[Collection entries]
_ _ _ _ _
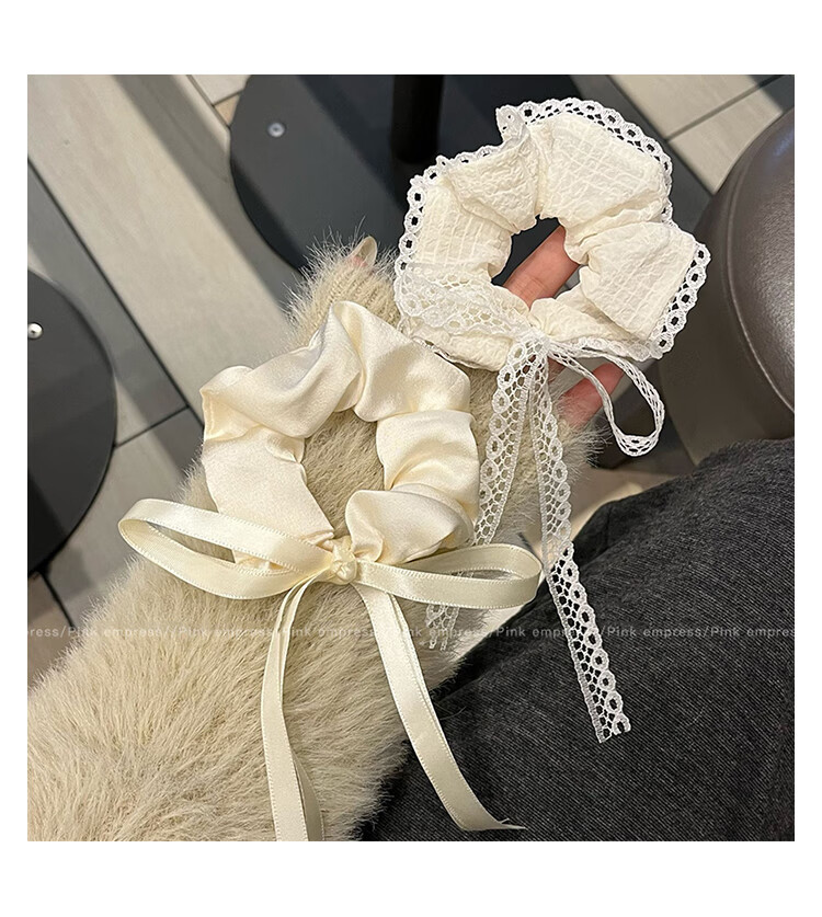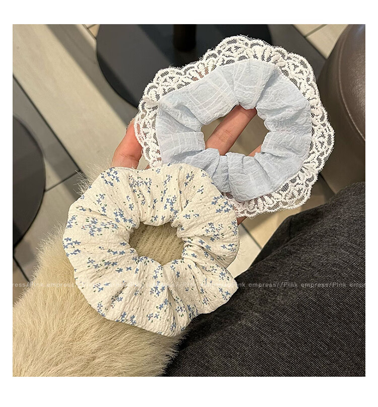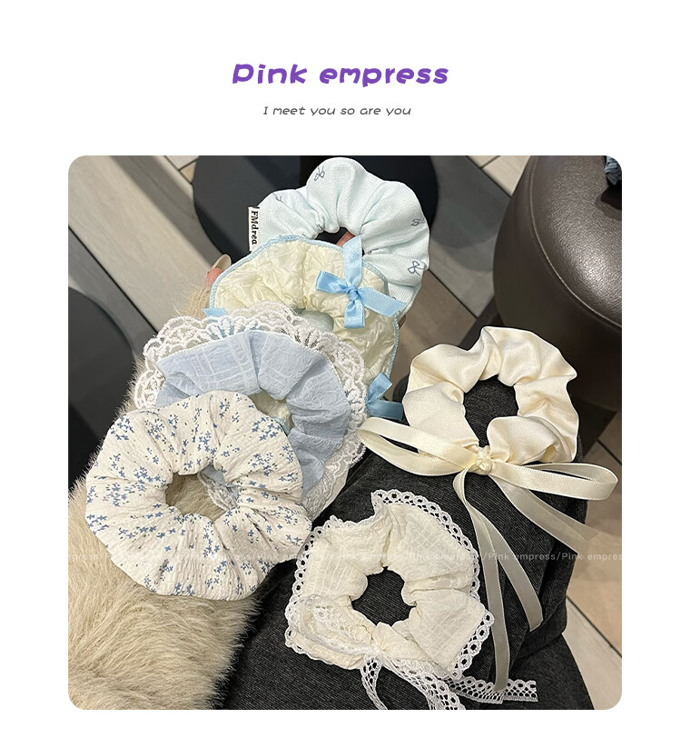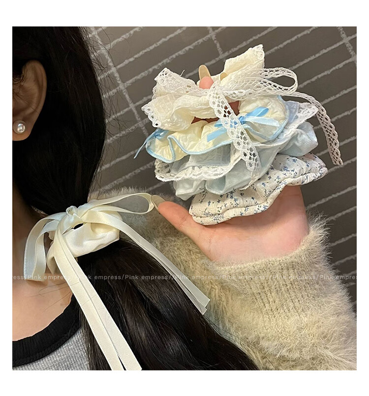 Sweet bow floral large intestine hair tie for women with lace versatile ponytail hair style girl headband hair rope hair accessories 1# sea salt blue hair tie six-piece set
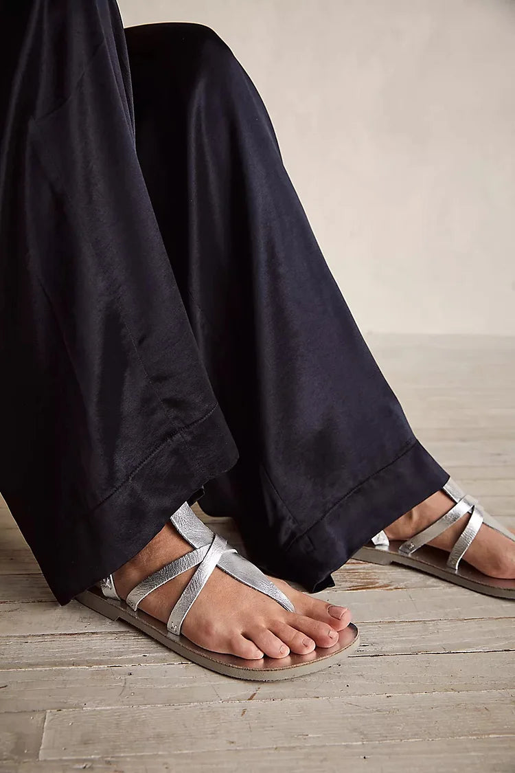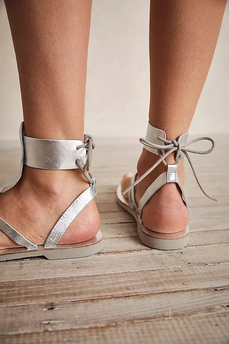 Sandali con cinturino incrociato e lacci color argento metallizzato [Pre-ordine]
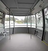 Las cabinas del teleférico pesan aproximadamente 12 toneladas y miden 7,5 m por 3,3 m. Cada una tiene una capacidad de más de 13 toneladas y hay espacio suficiente en la cabina para 78 pasajeros y un operador. Los teleféricos fueron construidos por la firma Gangloff Switzerland[15] en Berna, Suiza, y su forma y color encarna la visión del estudio de arquitectura de “burbujas flotando en el cielo". La superficie de las cabinas refleja y refracta la luz, minimizando su impacto visual en el barrio que está debajo.[16][17] Las cabinas del lado sur y del lado norte se llaman Jean y Walt respectivamente; fueron llamadas así en honor de Jean Richardson, la primera mujer que se graduó como ingeniera en la Universidad Estatal de Oregón, y de Walt Reynolds, el primer afroamericano que se graduó de OHSU, conocida en aquella época como Escuela de Medicina de la Universidad de Oregón.[18]
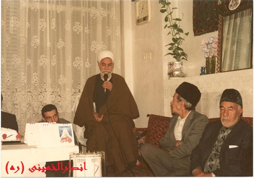حجت الاسلام والمسلمین حاج شیخ اسدالله مقدم هنگام سخنرانی در منزل شهید حمید رحیمی
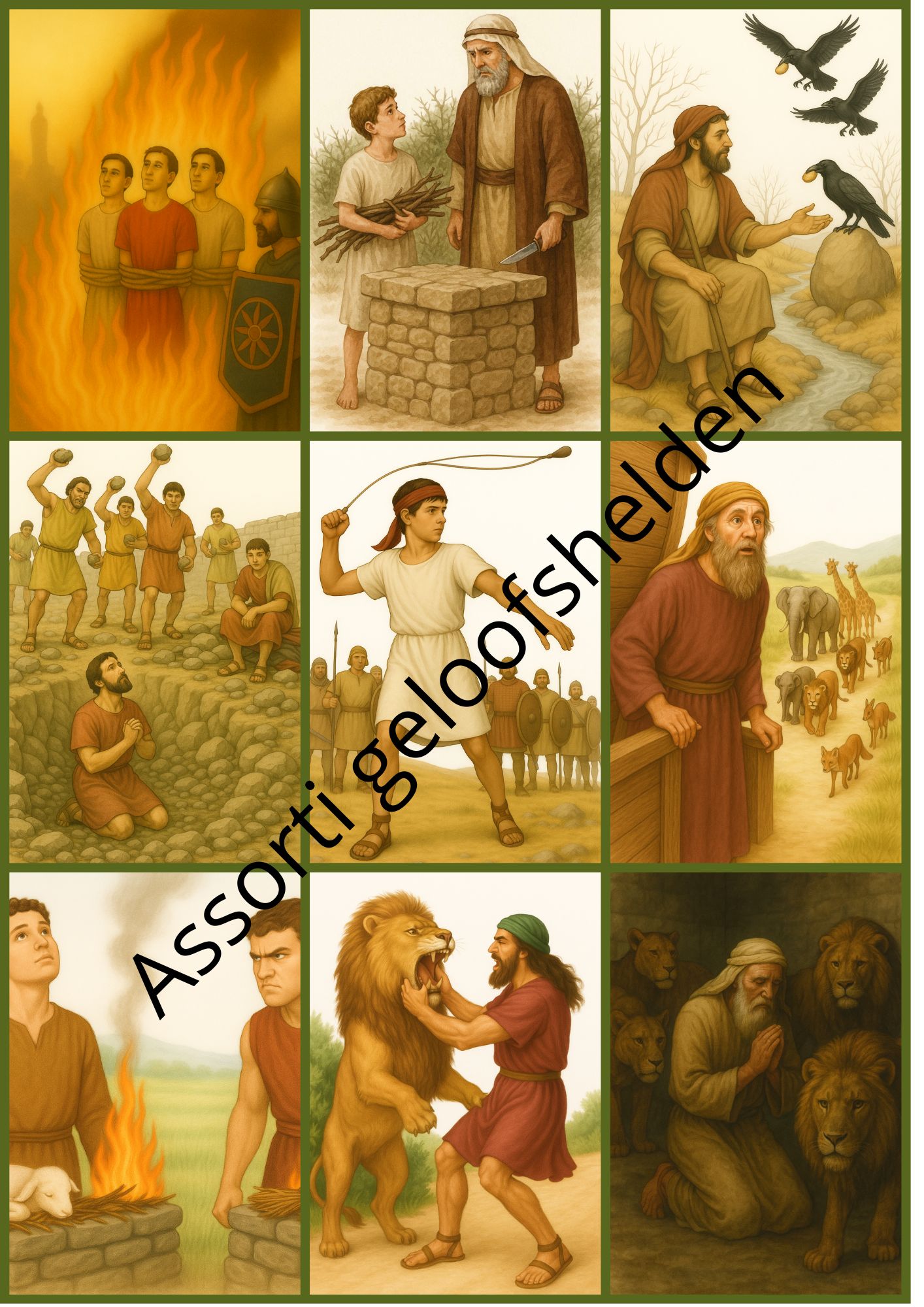 8 verschillende platen uit de categorie ‘‘Geloofshelden’. Deze zijn op stevig A4-formaat afgedrukt.
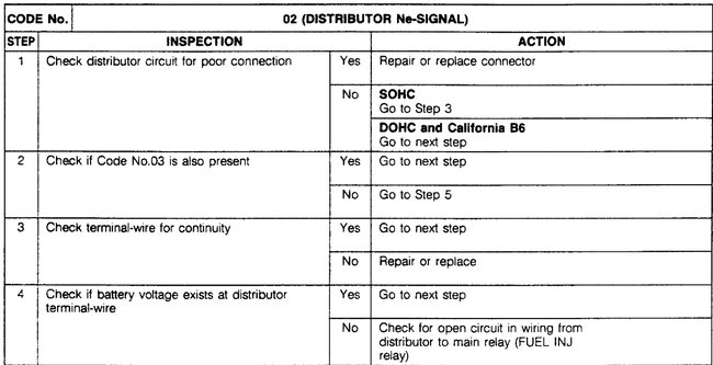 A faulty "Ne" signal will set malfunction code 02. A problem with the "G" signal will set malfunction code 03. Refer to Computers and Control Systems for diagnostic information.
_ _ _ _ _
Task instructions. Up to and including the line containing "Sandali con cinturino", quote each line of the entries above from the very first, please, exactly and without images.

Response for this exercise.
 Sweet bow floral large intestine hair tie for women with lace versatile ponytail hair style girl headband hair rope hair accessories 1# sea salt blue hair tie six-piece set
 Sandali con cinturino incrociato e lacci color argento metallizzato [Pre-ordine]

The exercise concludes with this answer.